#### About this exercise
Restate word for word the lines below from the one that has "左:日付 中央:献立 右:会議室の様子" through the one that has "4152 КОСТЮМ ИЗ", keeping both and dropping all pictures.

#### Data to process
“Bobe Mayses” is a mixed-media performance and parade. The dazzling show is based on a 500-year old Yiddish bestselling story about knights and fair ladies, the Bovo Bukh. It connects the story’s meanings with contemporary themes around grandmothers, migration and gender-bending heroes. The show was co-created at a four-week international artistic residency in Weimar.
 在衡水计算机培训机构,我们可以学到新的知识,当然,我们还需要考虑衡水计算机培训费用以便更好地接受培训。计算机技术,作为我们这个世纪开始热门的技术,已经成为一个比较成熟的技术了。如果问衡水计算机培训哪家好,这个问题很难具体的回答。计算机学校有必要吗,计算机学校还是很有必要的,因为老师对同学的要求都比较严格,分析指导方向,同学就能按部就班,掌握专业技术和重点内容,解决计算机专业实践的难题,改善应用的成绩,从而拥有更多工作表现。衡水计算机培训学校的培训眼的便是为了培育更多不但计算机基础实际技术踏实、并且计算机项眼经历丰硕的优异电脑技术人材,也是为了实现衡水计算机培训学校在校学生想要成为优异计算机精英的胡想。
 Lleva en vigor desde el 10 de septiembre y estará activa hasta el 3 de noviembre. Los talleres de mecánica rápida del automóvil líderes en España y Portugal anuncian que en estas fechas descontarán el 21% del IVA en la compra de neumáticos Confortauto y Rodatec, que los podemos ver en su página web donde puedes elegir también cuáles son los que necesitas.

==

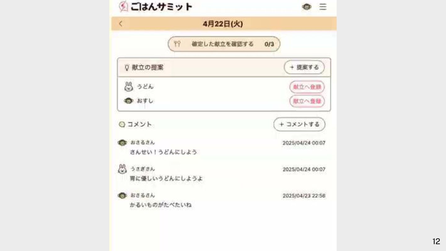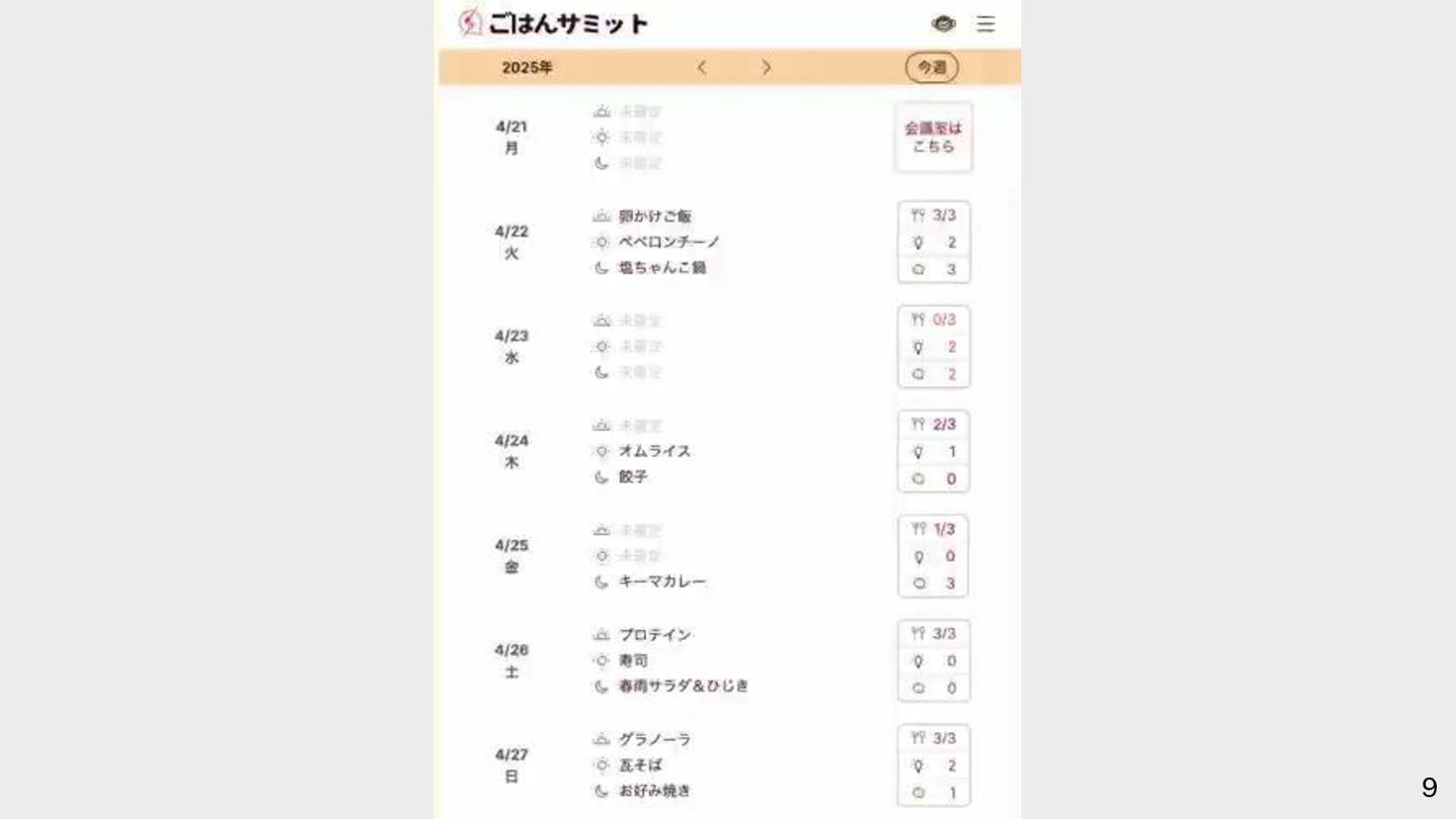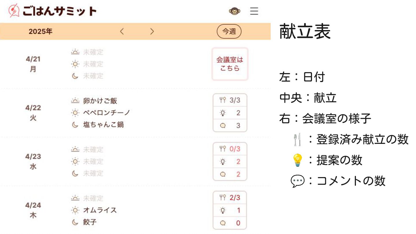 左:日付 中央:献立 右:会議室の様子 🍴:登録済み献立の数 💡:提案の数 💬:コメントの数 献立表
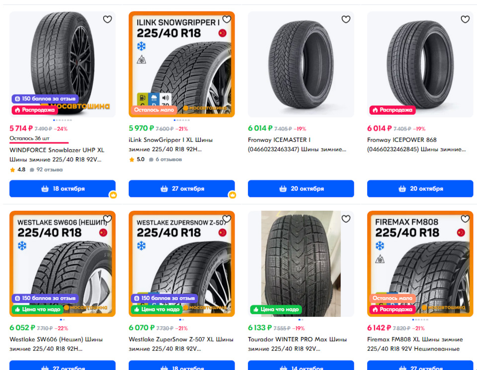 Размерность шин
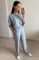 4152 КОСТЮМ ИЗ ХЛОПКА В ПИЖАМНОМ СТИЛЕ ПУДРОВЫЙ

#### Your solution
 左:日付 中央:献立 右:会議室の様子 🍴:登録済み献立の数 💡:提案の数 💬:コメントの数 献立表
 Размерность шин
 4152 КОСТЮМ ИЗ ХЛОПКА В ПИЖАМНОМ СТИЛЕ ПУДРОВЫЙ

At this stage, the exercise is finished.